→ **WORK INSTRUCTION**: Scan the entries for "Court". Every line that holds it is to be copied.

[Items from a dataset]
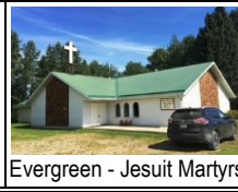
Evergreen - Jesuit Martyrs

Rocky Mountain House - St. Matthew Church Caroline - St. Joseph the Workman Church Evergreen - Jesuit Martyrs Church
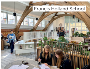
Francis Holland School
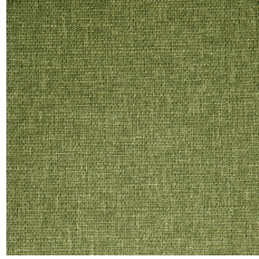
MUNA Olive 61 Print pattern
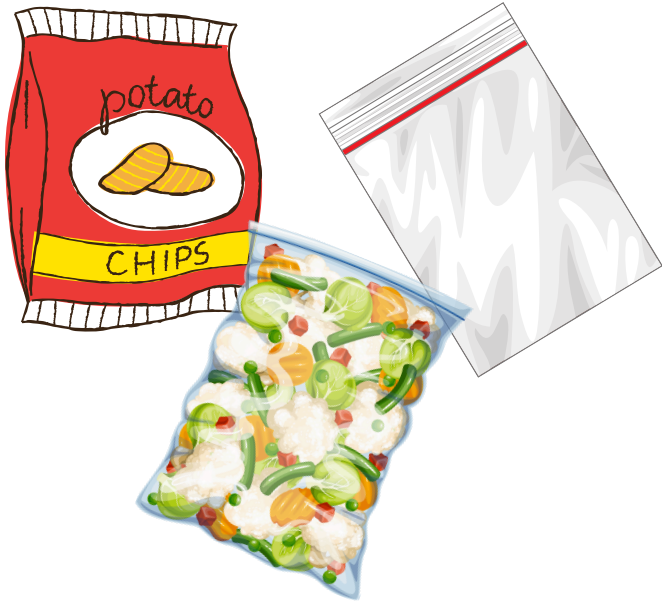
Kitchen & Pantry: wrappers, empty snack food bags, cracker/cereal box liners
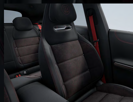
Microfiber Suede Seats

* Actual model, features and specifications may vary in detail from images shown. Subject to change without prior notice.
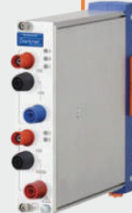
Q.boost Up to 4 MHz per channel, triggered or continuously
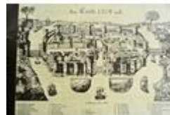
261. Map of Old Cork 1579 'A glimpse of the past' 29x39cm
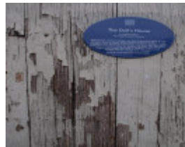
H0954 DOLLS HOUSE LHA 2015 3.JPG
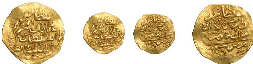
1226 Mehmed IV, Sultani, Misr 1058h, 3.38g/4h (A 1383; ICV 3216). Peripheral weakness, otherwise very fine
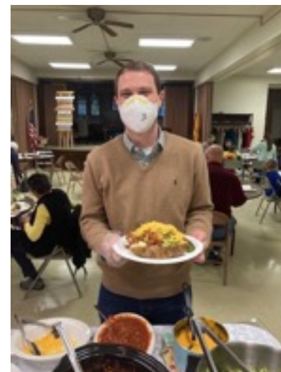
GOOD FOOD. A few shots from the Wednesday Lenten studies.
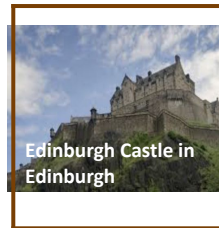
Edinburgh Castle in Edinburgh
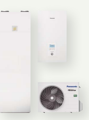
Heat Recovery Ventilation + DHW Square Tank + Aquarea Bi-bloc
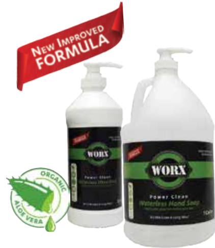
WORX® Power Clean Hand Soap #36-0432 #36-0401
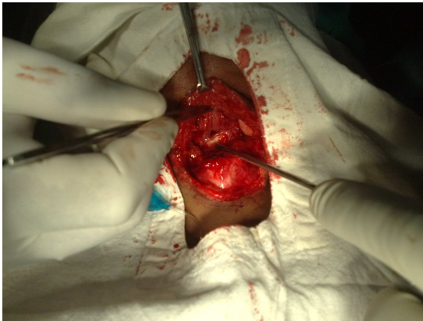
Figure 2. Restoration of laryngeal framework.
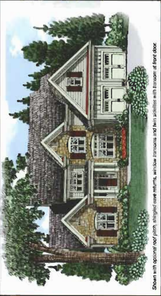
Shown with optional roof pitch, shingled eave returns, window transoms and twin shutters with transom at front door.
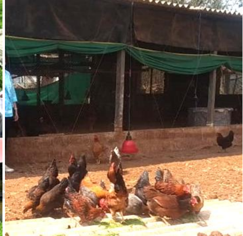
Group poultry unit
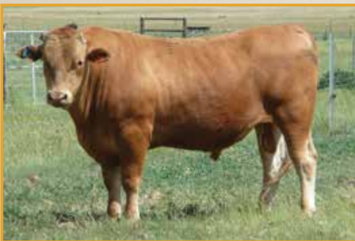
KALANGA RED STAR • Sire of Lot 80
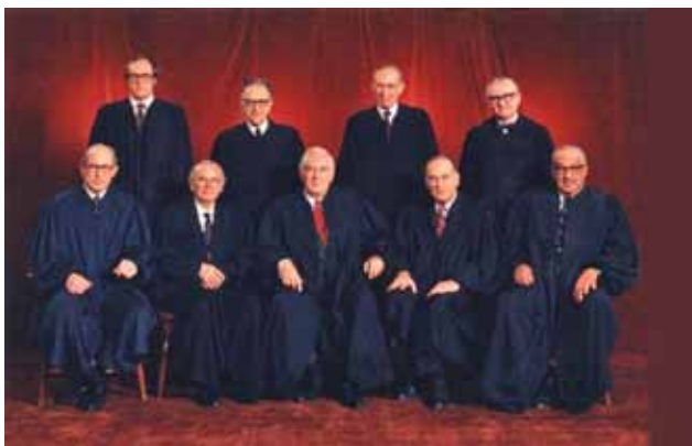
Justices of the Roe v. Wade Supreme Court

Since that time social conservatives have tried to overturn the Court’s decisions. Some laws have been passed at the state level, controlling when and how abortions may be done, but the effects have been limited. Despite everything
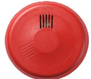
Model SLHCR-N Horn
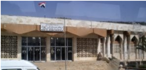
Image: Bab El Hawa boarder crossing from Turkey to Syria in March 2006. (Licensed under CC BY 3.0)

Numerous international and local organisations have expressed serious concerns about the high costs of operations, including due to sanctions-induced rising prices in fuel and the challenges to financial transactions, procurement and delivery of goods and services. They report that foreign banks are often reluctant to process payments destined for Syria, particularly following Lebanon's banking crisis and the spill-over effects on Syria. Restrictions and delays in processing payments with suppliers, which can take months, lead to a restricted and less competitive market, rising costs, putting at risk the implementation of life-saving humanitarian interventions. I have received information that important international humanitarian actors have either significantly reduced their activities or fully withdrew from the country due to these challenges, leaving a serious protection and rehabilitation gap.
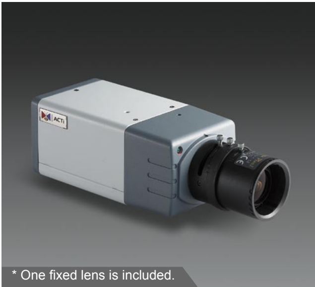
* One fixed lens is included.
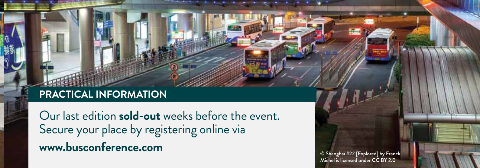
© Shanghai #22 [Explored] by Franck Michel is licensed under CC BY 2.0
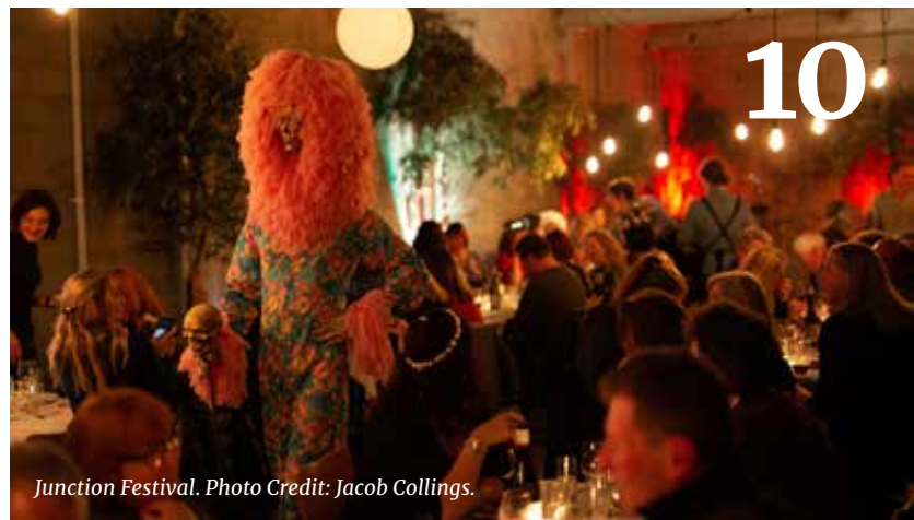
Junction Festival.
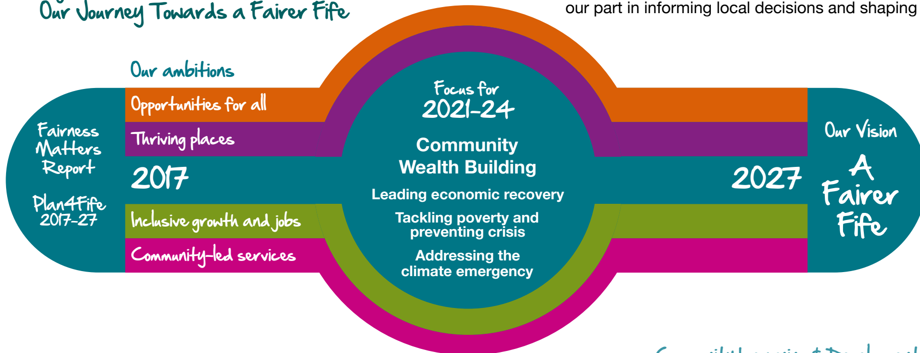
Figure 1: Our Journey Towards a Fairer Fife

We will use these themes to inform our CLD priorities over the next three years to help our communities become not just wealthier but healthier and greener too. We hope it will stimulate conversations locally about what needs to change next and how we can all play our part in informing local decisions and shaping future services.
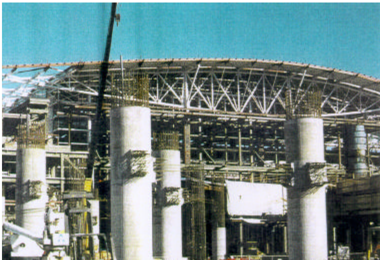
BART Construction at San Francisco International Airport

BART is an independent public agency providing heavy rail mass transit passenger service in the San Francisco Bay Area. The 8.7-mile BART Extension to the Airport originates at the existing Colma station and will terminate beyond the Airport at a new Millbrae station. The Extension includes a 0.8-mile On-Airport Project (Project) linking the Airport's new international passenger terminal with the BART
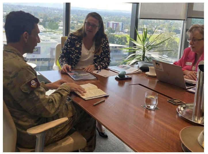
Images above and clockwise: Major General Jake Ellwood continued to meet with representatives from local government areas affected by the Southern Queensland Flooding.
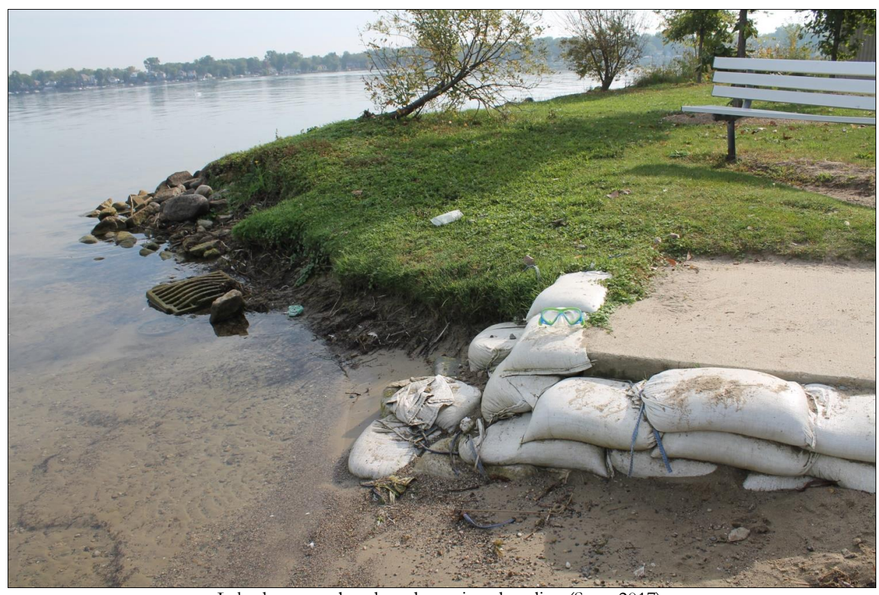
Lakeshore east beach end meeting shoreline (Sept. 2017)
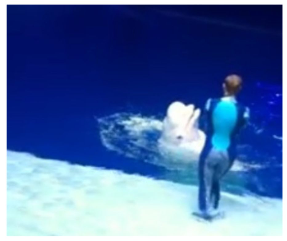
Figure 3 Beluga whale Delphinapterus leucas performs the commands of the coach. The Center for Oceanography and Marine Biology Moskvarium, Moscow. Video frame.

In Russia, interest in capture and demonstration of beluga whales appeared relatively recently, which required the setup of specialized procedures for catching them. Therefore an annual withdrawal from the natural population from several whales to several dozen is made within the framework of this catching (Shpak, 2010, 2012). Working on whales in aquariums and oceanariums, it is necessary to carry out research on the biology of marine fauna, and also to conduct educational work with school children and students (Klumov, Sokolov, 1971). Such experience has been gained by the Center for Oceanography and Marine Biology Moskvarium, which opened in 2015 in Moscow (Fig. 3). Many scientific organizations and educational institutions in Moscow have concluded agreements with this organization on cooperation.
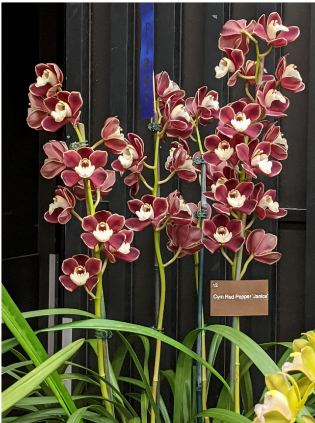
Cym. Red Pepper 'Janice' 1 st Place in Class 37
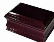
SOLID ROSEWOOD SHAPED
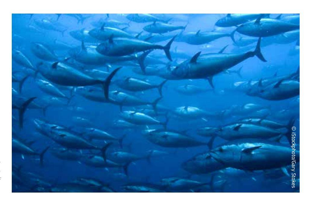
The EU is a member of the International Commission for the Conservation of Atlantic Tunas.

A sea-basin strategy places EU administration, national governments, local authorities, operators, industry and non-governmental organisations (NGO) on a par, as partners in ensuring coherent outcomes that benefit their people and their environment. This does not need any extra money: it is simply a mechanism to ensure that existing funds are spent consistently and within a long-term framework, so as to guarantee better and multiplied effects. In other words, it is a form of smart management.
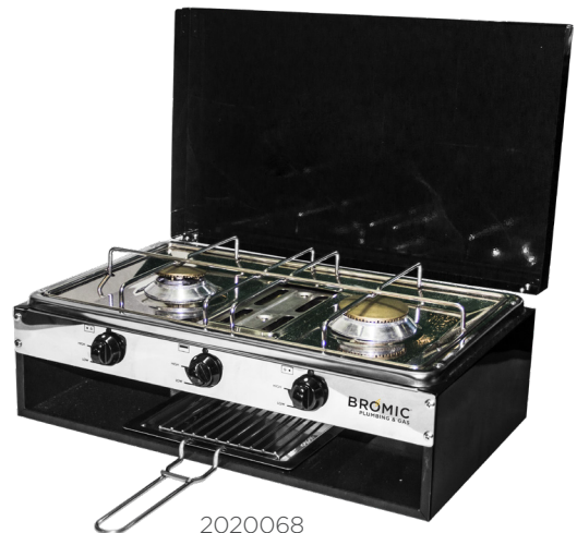
2020068 Camper Lido Junior

Hose & regulator not included. Product No. 6260514 sold separately.
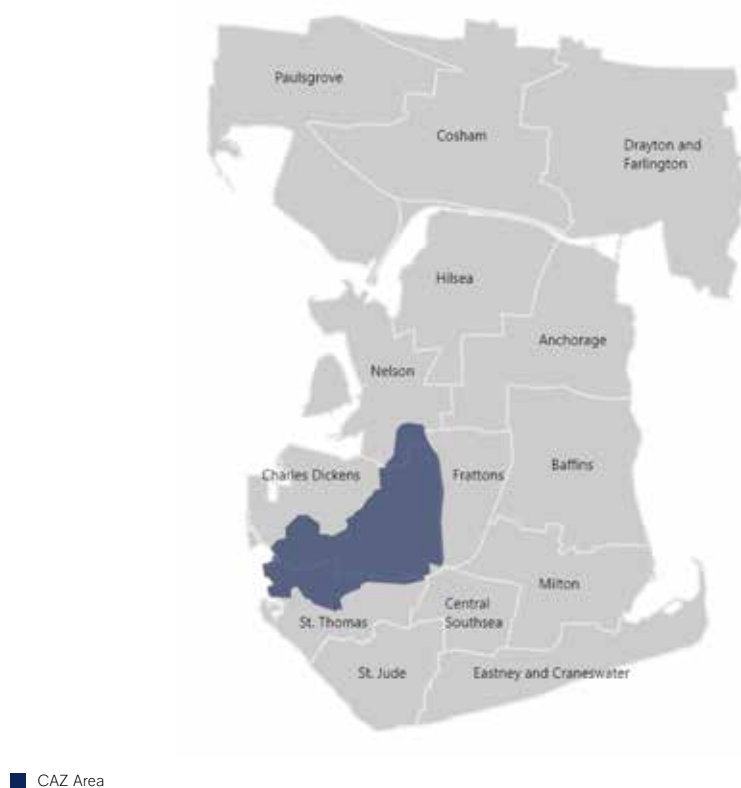
Figure 2 Boundary of proposed Clean Air Zone in Portsmouth

Portsmouth City Council has recommended to government a Class B charging CAZ to be implemented by Autumn 2021, based on evidence that all Classes B to D would likely achieve compliance in Portsmouth by 2022 and that a Class B would impact fewer vehicle categories. 15 The CAZ will cover the South West of Portsmouth where the main hotspots of air pollution can be found, an area of approximately 3km. 2
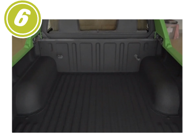
6 APPLY RAPTOR Directly apply RAPTOR.

NOTES: WE HAVE REMOVED THE PLASTIC BED LINER AS WATER SITS BETWEEN THE PLASTIC BED LINER AND THE BED AND CORRODES THE BODY WORK.
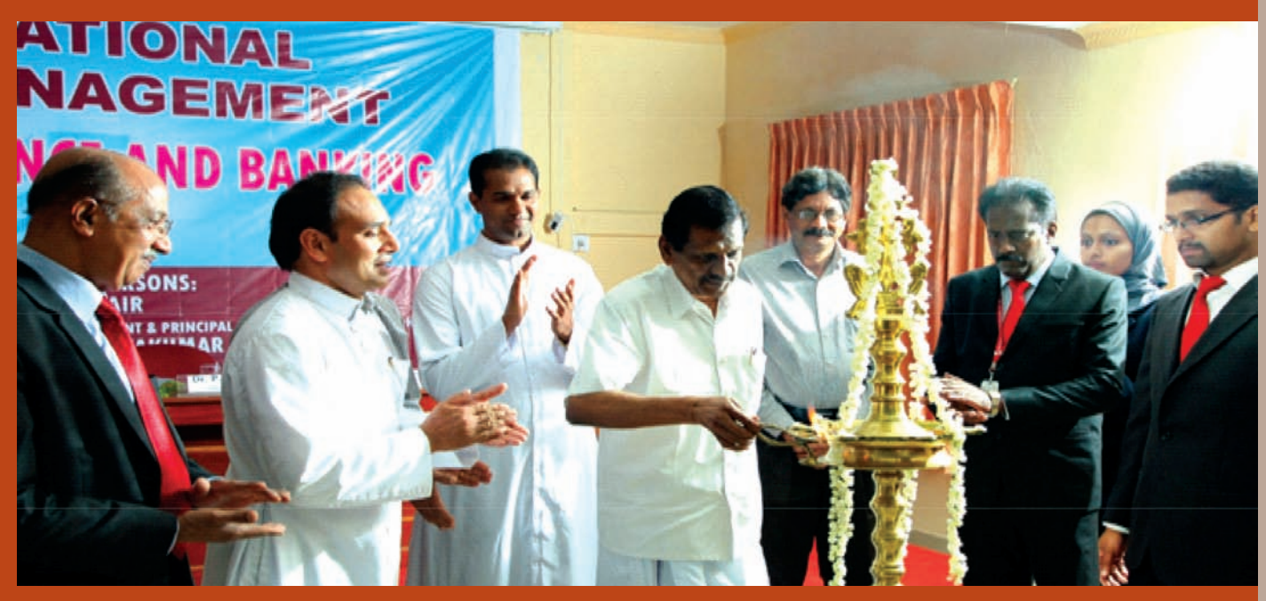
Inauguration of Finance Club by P.J. Joseph, Honorable Minister of Water Resources, Govt. of Kerala
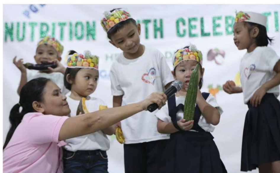
A pre-kinder pupil from the Provincial Government Child Development Center (PGCDC) shows her favorite vegetable while telling its nutritional values during their celebration of Nutrition Month with the theme "Healthy Diet, Gaining Habit for Life" on July 28, 2017 at the La Union Technology and Livelihood Development Center (LUTLDC). The said event aims to inform the parents on the benefits of good health and nutrition to growing kids.
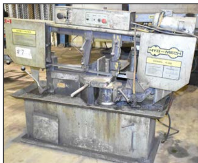
HYDMECH S20 horizontal band saw
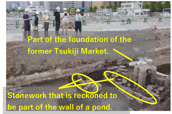
Status of the investigation of buried cultural properties

For more detailed survey information, visit the “Tsukiji District Development Project” page on the Bureau of Urban Development’s website. ( https://www.toshiseibi.metro.tokyo.lg.jp/bosai/toshi_saisei/saisei08.html ).
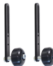
2x Safety Wheels
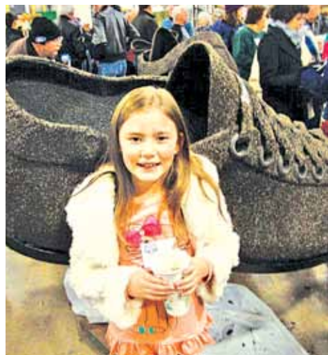
Shoes done in niger seed, poppy seed, onion seed and seaweed for the sole of the shoe.
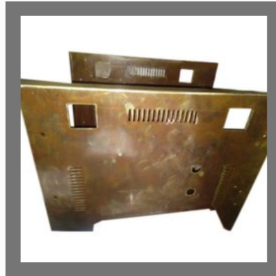
Wall Mounted Electric Enclosures
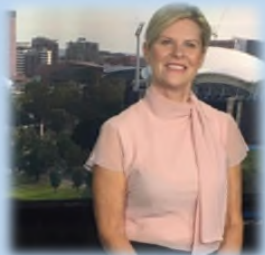
Terese Edwards CEO National Council for Single Mothers
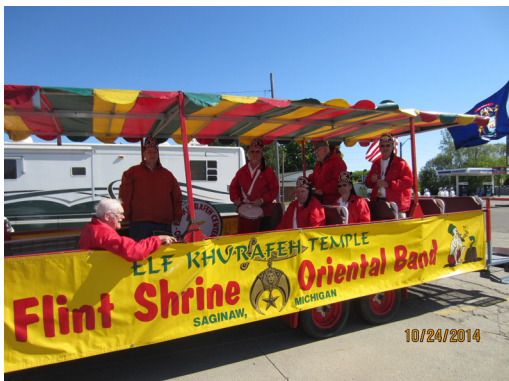
Oriental Band in Parade at W. Branch Ceremonial
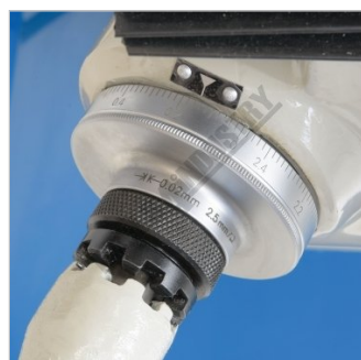
Z Axis Dial
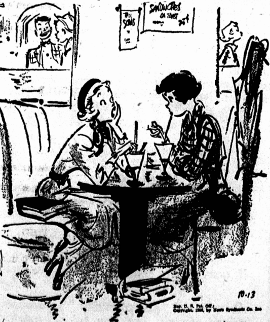
"That handsome professor is going to talk to my father about me—but I'm afraid it's only about my studies."
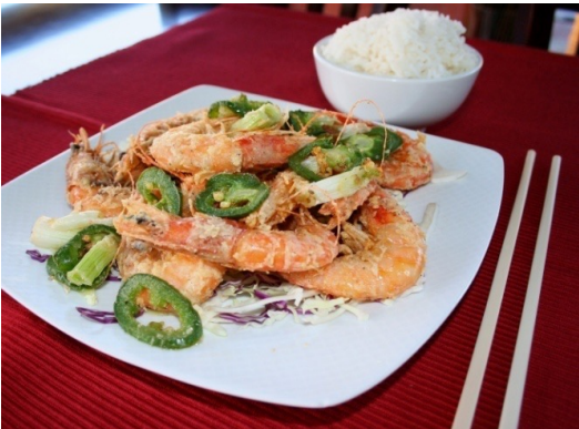
61. Salted & Pepper Shrimp
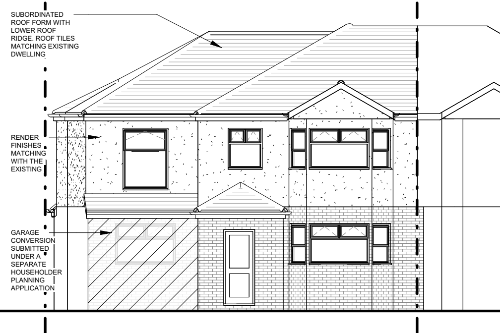
1 PROPOSED SOUTH ELEVATION.
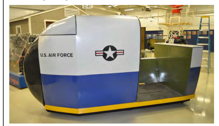
The flight trainer has been completed. Museum volunteers are now being trained in operating it.

Some volunteers are building a 1/8 scale B-26 bomber. When completed, this airplane will be suspended from the ceiling along with the other aircraft models.

→ **REPLY**:
Justices of the Roe v. Wade Supreme Court
Since that time social conservatives have tried to overturn the Court’s decisions. Some laws have been passed at the state level, controlling when and how abortions may be done, but the effects have been limited. Despite everything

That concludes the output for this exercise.